The Power of the Dog
- Author: Don Winslow
- Language: English
- Genre: Thriller, crime, historical
- Publisher: Alfred A. Knopf
- Publication date: 2005
- Publication place: United States
- Media type: Print (Hardback & Paperback)
- Pages: 539
- ISBN: 0-375-40538-0
- OCLC: 56912098
- Dewey Decimal: 813/.54 22
- LC Class: PS3573.I5326 P69 2005
- Followed by: The Cartel (2015) The Border (2019)

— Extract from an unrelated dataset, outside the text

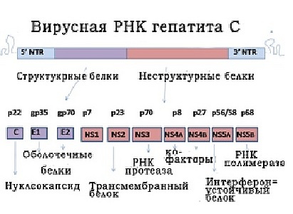 Геном вируса представлен однонитевой линейной (+)РНК размером около 9400 нуклеотидов, которая способна выполнять функцию как мРНК, так и служить матрицей для синтеза дочерних копий вирусного генома.[14] В геноме содержится всего один ген, который кодирует 9 различных белков. Изначально РНК вируса гепатита С транслируется с образованием полипептида длиной около 3000 аминокислот. В геноме вируса содержится два некодирующих региона и одна большая открытая рамка считывания, кодирующая структурные и неструктурные белки. Гены, кодирующие структурные белки, расположены в области 5'-конца цепочки РНК, а неструктурные — в области 3'-конца. К структурным белкам относятся core, Е1 и Е2 белки. Сore-белок является белком нуклеокапсида, он обладает РНК-связывающей активностью, модулирует транскрипцию и трансляцию некоторых клеточных генов и обладает онкогенным потенциалом. Именно с core-белком связывают выраженность прямого цитопатического эффекта вируса гепатита С. Е1 и Е2 белки — гликопротеины внешней оболочки вируса высоковариабельны, а их С-концевые части гидрофобны и могут принимать участие во взаимодействии с клеточной мембраной. В структурной зоне кодируется также пептид р7, играющий важную роль в высвобождении вириона из инфицированной клетки. Неструктурная область вирусного генома кодирует 6 белков — NS2, NS3, NS4A, NS4B, NS5A и NS5B. Функции NS2 и NS4 предположительно связывают с клеточной мембраной. Кроме того, белок NS2 является вирусной цинк-зависимой протеиназой и вместе с клеточными пептидазами участвует в аутокаталитическом нарезании самого себя из вирусного полипротеина. Белок NS3 — это вирусная протеиназа, играющая важную роль в процессинге вирусных белков. Белок NS4A действует как эффектор или кофактор для NS3, он регулирует фосфорилирование белка NS5A, который обладает функцией репликазы. Имеется ряд доказательств, что от NS5A зависит резистентность к IFN-α, так как в нём выделен регион, участвующий в ингибировании индуцируемой IFN-α протеинкиназы. Белок NS5B является вирусной РНК-зависимой РНК-полимеразой. Согласно современным представлениям, в инфицированной клетке белки NS4A, NS4B, NS5A и NS5B вместе с белком NS3 ассоциируются в некую структуру, которая играет важную роль в вирусной репликации. Высокая консервативность 5′- и 3′- некодирующих регионов и их важная роль в репликации вируса делают их перспективными мишенями для разработки средств лечения и профилактики вирусного гепатита С.
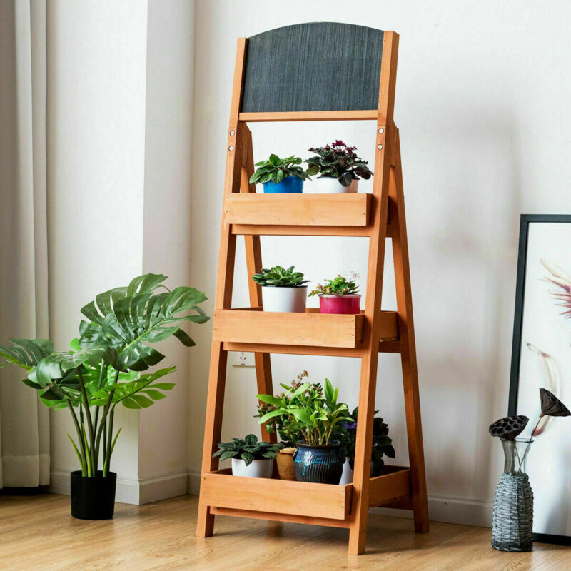 3-Tier Flower Pot Stand Wooden Outdoor Garden Ladder Plant Rack W/ Blackboard

= The Power of the Dog (Winslow novel) =

2005 novel by Don Winslow

The Power of the Dog is a 2005 crime/thriller novel by American writer Don Winslow, based on the DEA's involvement with the war on drugs. The book was published after six years of writing and research by the author.

==Plot summary==

Winslow's novel describes three decades of the United States' war on drugs by following several main characters: The DEA agent Art Keller; Adán Barrera, who controls large parts of the drug trade from Mexico to the United States of America; the sex worker Nora Hayden; and Sean Callan, a gangster from the streets of New York. Agent Keller becomes obsessed with the Barrera family after they torture and kill a DEA agent in Mexico. Trying to avenge his colleague, Keller discovers massive involvement of the US and the Mexican governments in drug trade operations. The CIA prevents him from taking revenge on the drug cartels to combat left-wing activists in Latin America.

Winslow's novel exposes the brutality of the war on drugs with graphic scenes of torture and massacres. It also navigates through the inner workings of the drug trade and how different organizations collaborate to achieve their respective goals, from the Mexican drug cartels to the Vatican.

==Film adaptation==
In 2015, 20th Century Fox paid $6 million for the film rights to both The Power of the Dog and its sequel, The Cartel, with Ridley Scott producing.

==Sequel==
In 2015, the first sequel The Cartel, was published. It follows Keller from 2004 to 2014 as he continues to track down Barrera after he escapes from prison. In 2019, the final book in the three-part series, The Border, was published. It follows Keller as head of the DEA.